[DATA SHOWN Boundary: Start]
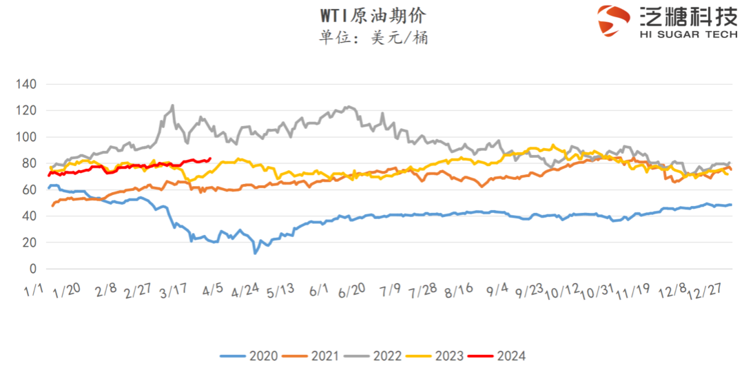 受缘扰动频繁,市场风险溢价回升,美国炼厂开工率有望持续回升,终端消费需求强劲,叠加宏观上美联储预期降息升温,本月油价重心逐步抬升,WTI原油3月月度价格区间为76.8~83.49美元/桶,月末价格83.49美元/桶,环比上涨5.21美元/桶,月涨幅6.66%。
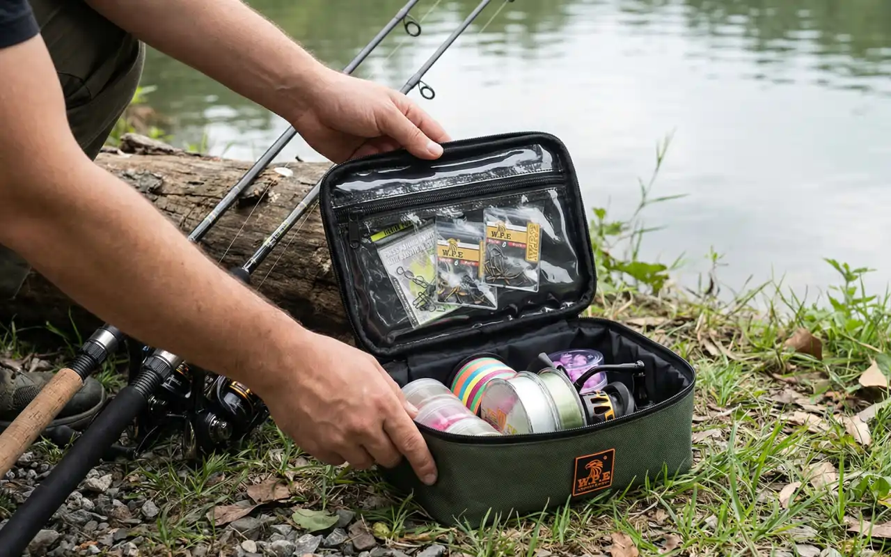 Denne fisketaske rummer agnbokse, lodder og ekstra line med plads til overs. Jeg kan lide, at den er nem at tørre af efter mudrede dage ved bredden og stadig ser ny ud.
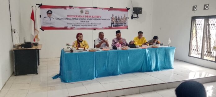 Badan Permusyawaratan Desa (BPD) Sungai Toman memberikan penilaian tentang kinerja kepala desa dan aparatus desa dalam musyawarah desa (musdes) khusus di Aula Kantor Desa Sungai Toman, Kecamatan Mendahara Ulu, Kabupaten Tanjung Jabung Timur, Rabu (7/1/2026).
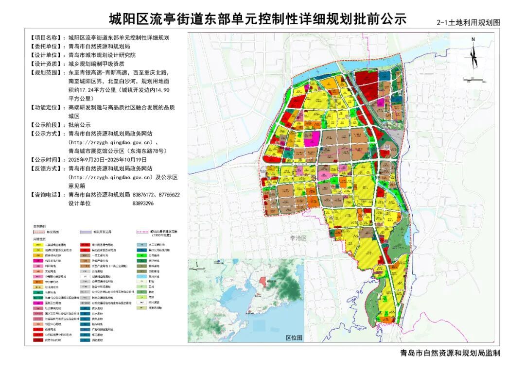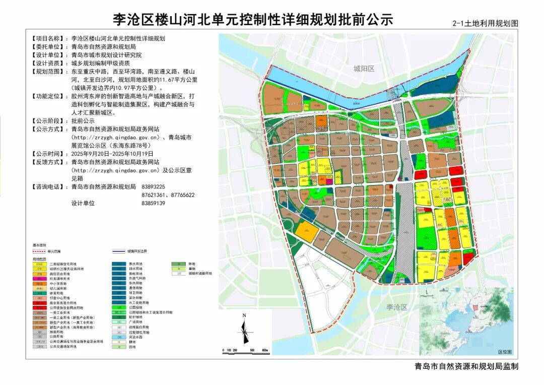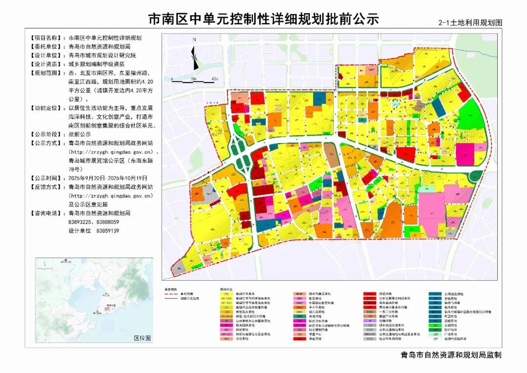 9月20日,青岛市自然资源和规划局集中发布市南区、李沧区、崂山区及城阳区十余个重点单元的控制性详细规划批前公示。
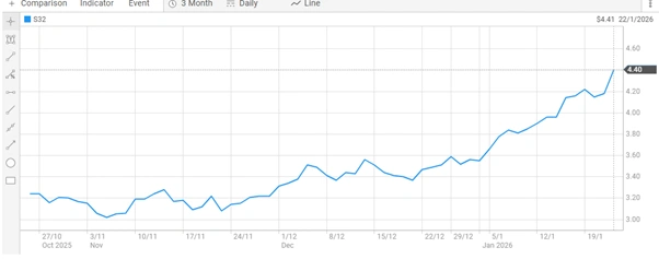 South32’s December quarter update comes at a time of heightened investor focus on base metals and energy transition commodities. Copper, in particular, has outperformed several traditional bulk commodities over the past 12 months, supported by supply-side constraints in South America and Africa, alongside rising demand from clean energy and electrification projects.
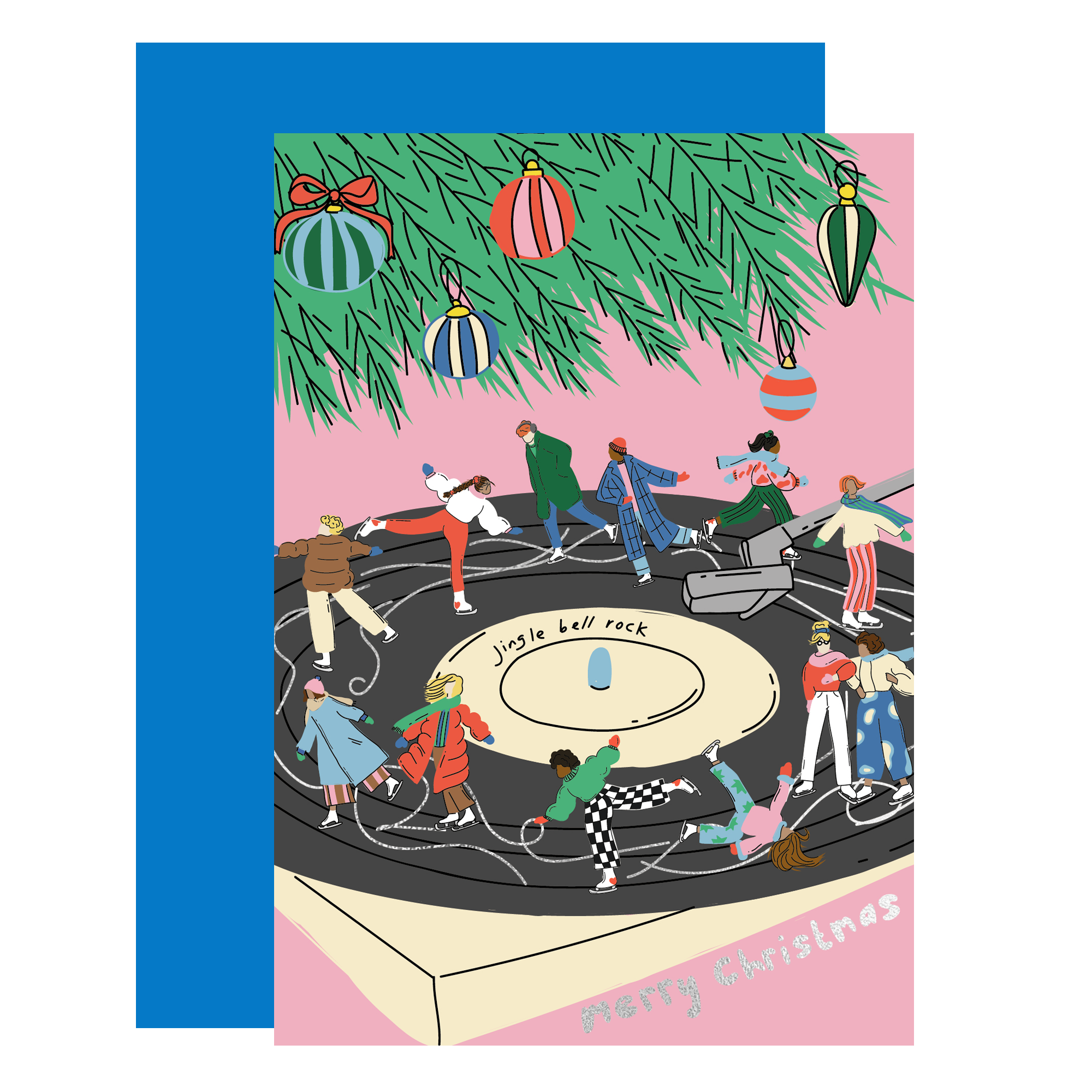 Bring festive cheer with our ‘Jingle Bell Rock’ Christmas card — a playful, hand-illustrated design featuring a cute ice-skating scene spinning around a classic vinyl record with a gorgeous holo foil finish.
[DATA SHOWN Boundary: End]
• **AIM OF THE TASK**:
Nothing but the lines from the one containing "Denne fisketaske rummer" through the final line of the records, both included and copied exactly, should appear in the answer; pictures stay out.

• **OUTPUT BELOW**:
 Denne fisketaske rummer agnbokse, lodder og ekstra line med plads til overs. Jeg kan lide, at den er nem at tørre af efter mudrede dage ved bredden og stadig ser ny ud.
 Badan Permusyawaratan Desa (BPD) Sungai Toman memberikan penilaian tentang kinerja kepala desa dan aparatus desa dalam musyawarah desa (musdes) khusus di Aula Kantor Desa Sungai Toman, Kecamatan Mendahara Ulu, Kabupaten Tanjung Jabung Timur, Rabu (7/1/2026).
 9月20日,青岛市自然资源和规划局集中发布市南区、李沧区、崂山区及城阳区十余个重点单元的控制性详细规划批前公示。
 South32’s December quarter update comes at a time of heightened investor focus on base metals and energy transition commodities. Copper, in particular, has outperformed several traditional bulk commodities over the past 12 months, supported by supply-side constraints in South America and Africa, alongside rising demand from clean energy and electrification projects.
 Bring festive cheer with our ‘Jingle Bell Rock’ Christmas card — a playful, hand-illustrated design featuring a cute ice-skating scene spinning around a classic vinyl record with a gorgeous holo foil finish.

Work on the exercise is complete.